## EXERCISE
Output the first line of the listing and each line after it, up to and including the line that contains "Horizontal rectangle button", exactly as written, minus the pictures.

## EXCERPTED DATA
+ + +

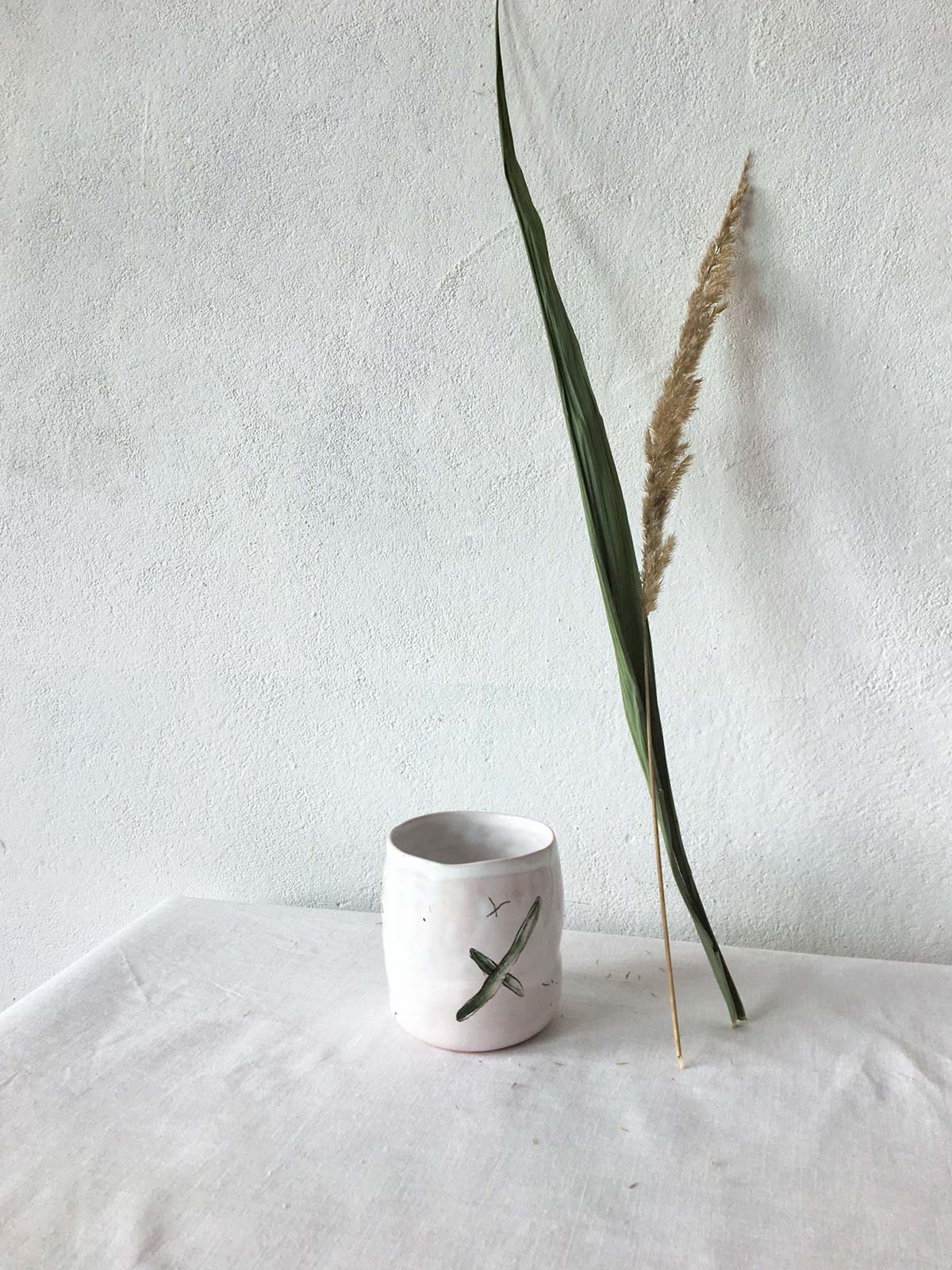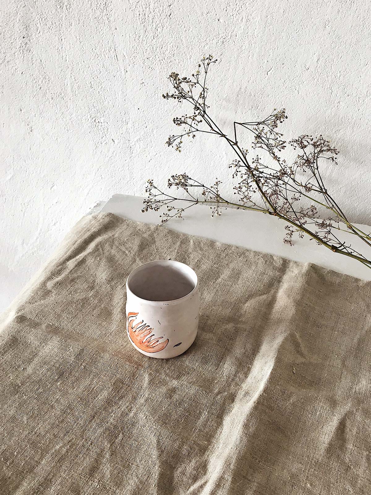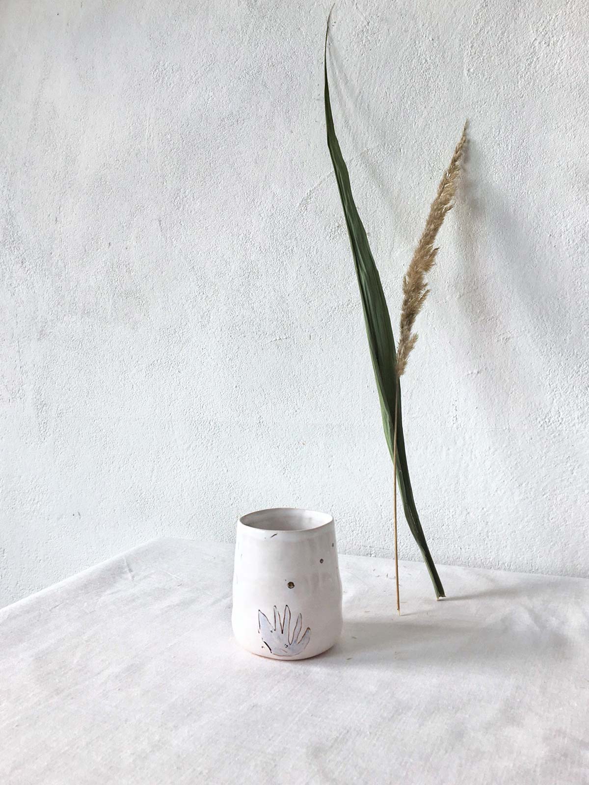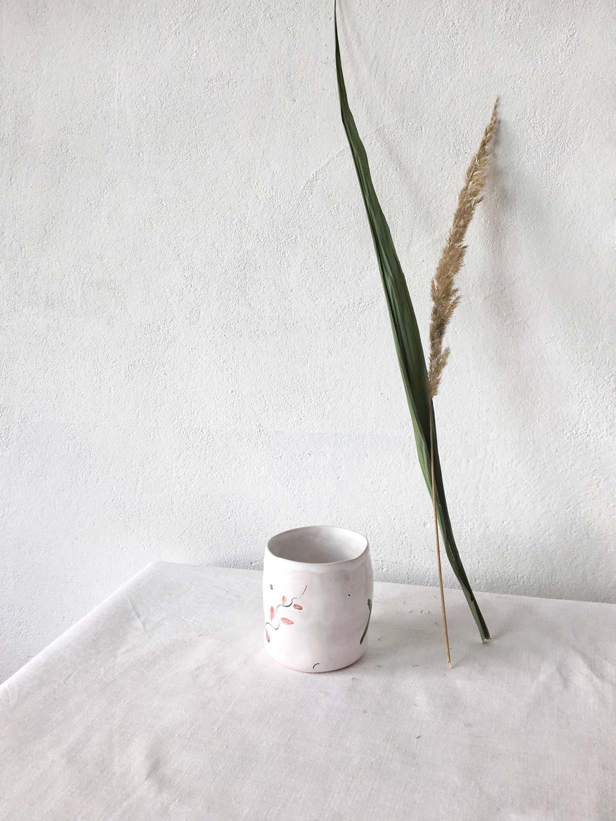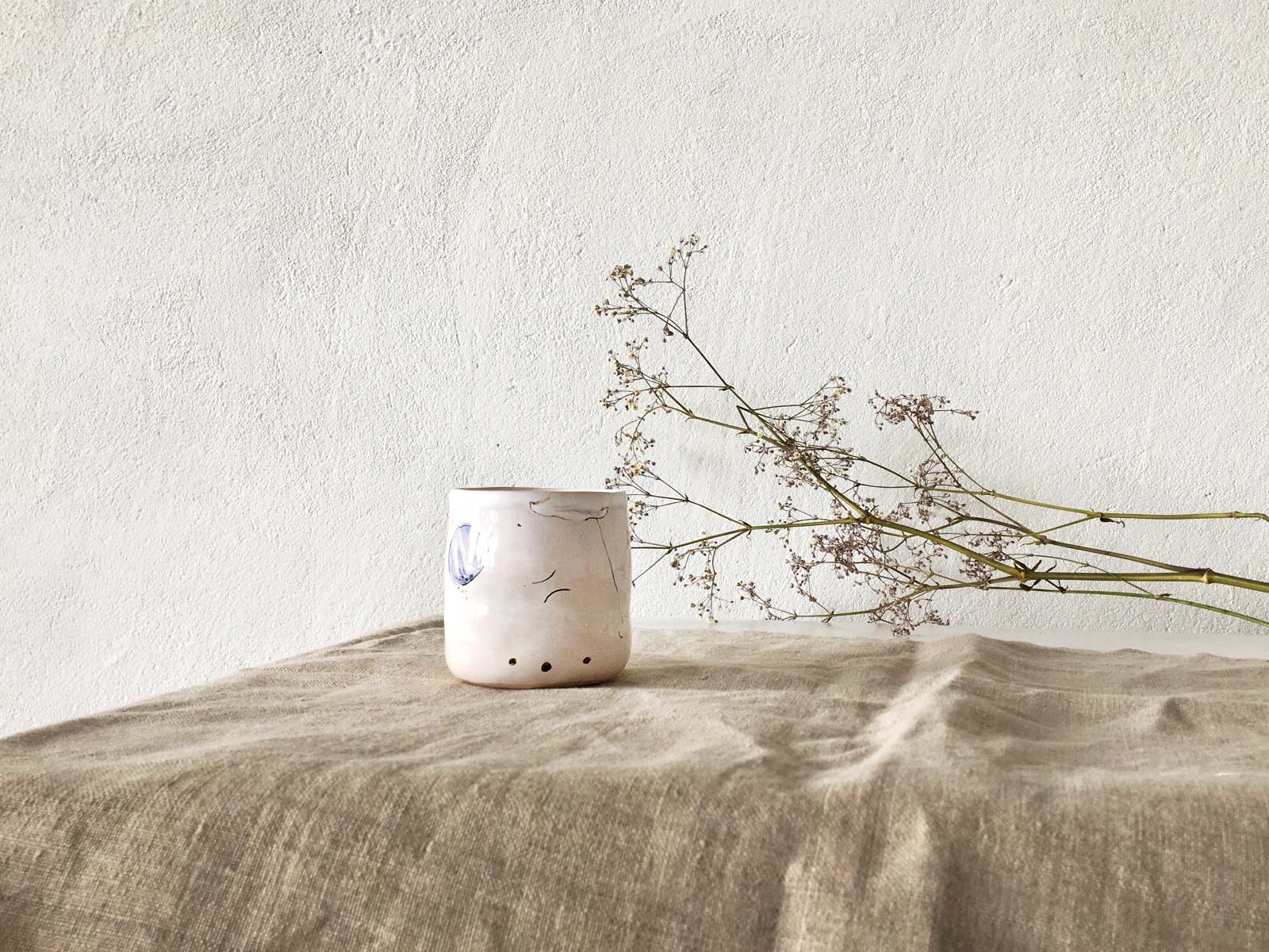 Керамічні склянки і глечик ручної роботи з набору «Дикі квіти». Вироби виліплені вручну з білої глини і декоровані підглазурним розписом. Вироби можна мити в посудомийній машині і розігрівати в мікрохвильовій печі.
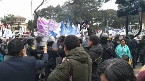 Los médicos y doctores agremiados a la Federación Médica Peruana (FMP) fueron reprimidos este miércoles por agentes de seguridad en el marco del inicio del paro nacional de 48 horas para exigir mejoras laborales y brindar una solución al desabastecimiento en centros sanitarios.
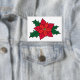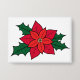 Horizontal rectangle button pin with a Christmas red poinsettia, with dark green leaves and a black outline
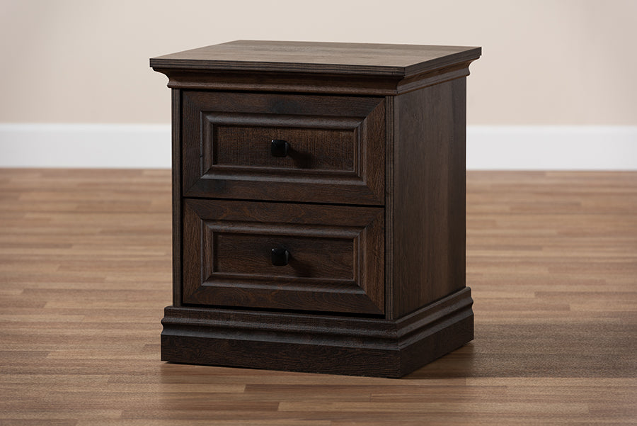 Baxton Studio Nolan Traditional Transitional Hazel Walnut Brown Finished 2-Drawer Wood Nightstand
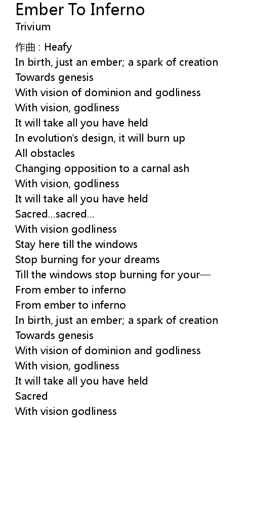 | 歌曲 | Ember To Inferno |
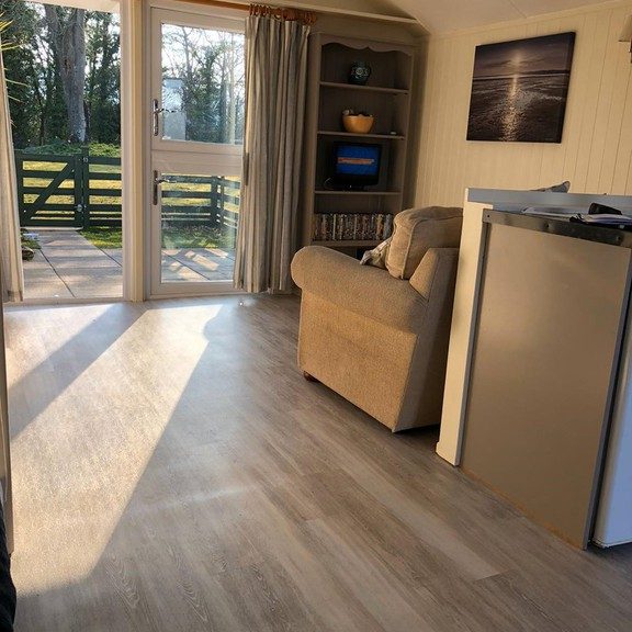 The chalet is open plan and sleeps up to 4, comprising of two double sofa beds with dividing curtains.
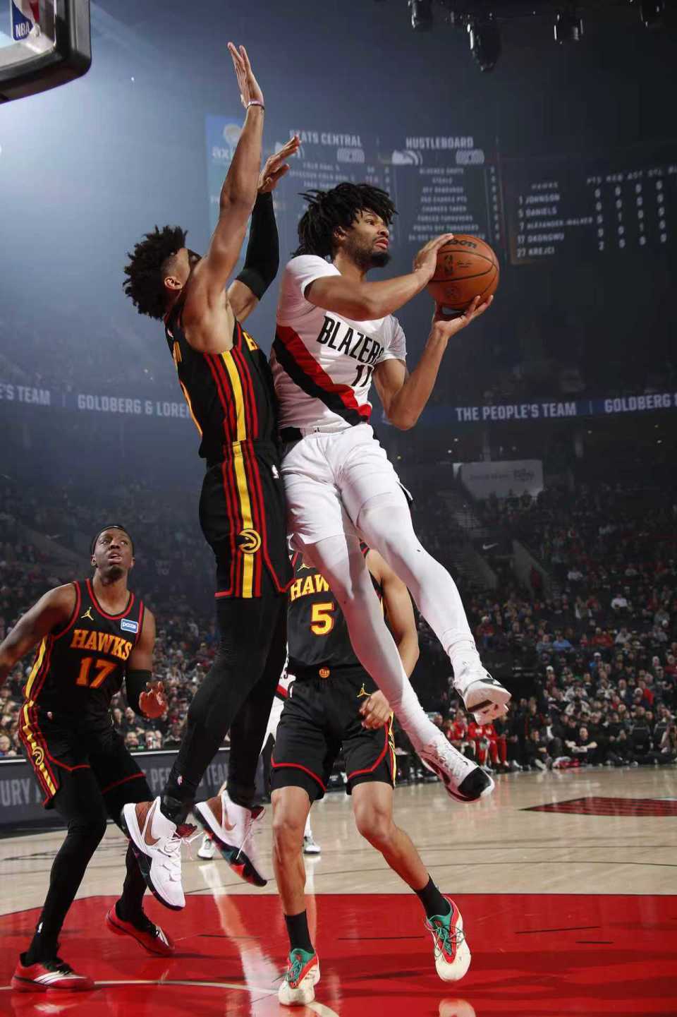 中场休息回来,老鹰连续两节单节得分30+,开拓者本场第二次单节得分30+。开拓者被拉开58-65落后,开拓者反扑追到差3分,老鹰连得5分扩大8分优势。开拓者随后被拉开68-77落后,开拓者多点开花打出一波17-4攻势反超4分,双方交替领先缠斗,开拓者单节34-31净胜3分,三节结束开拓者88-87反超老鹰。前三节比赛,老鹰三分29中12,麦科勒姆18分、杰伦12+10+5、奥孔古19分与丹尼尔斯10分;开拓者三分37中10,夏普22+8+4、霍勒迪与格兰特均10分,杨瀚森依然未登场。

+ + +

## WRITTEN RESPONSE
 Керамічні склянки і глечик ручної роботи з набору «Дикі квіти». Вироби виліплені вручну з білої глини і декоровані підглазурним розписом. Вироби можна мити в посудомийній машині і розігрівати в мікрохвильовій печі.
 Los médicos y doctores agremiados a la Federación Médica Peruana (FMP) fueron reprimidos este miércoles por agentes de seguridad en el marco del inicio del paro nacional de 48 horas para exigir mejoras laborales y brindar una solución al desabastecimiento en centros sanitarios.
 Horizontal rectangle button pin with a Christmas red poinsettia, with dark green leaves and a black outline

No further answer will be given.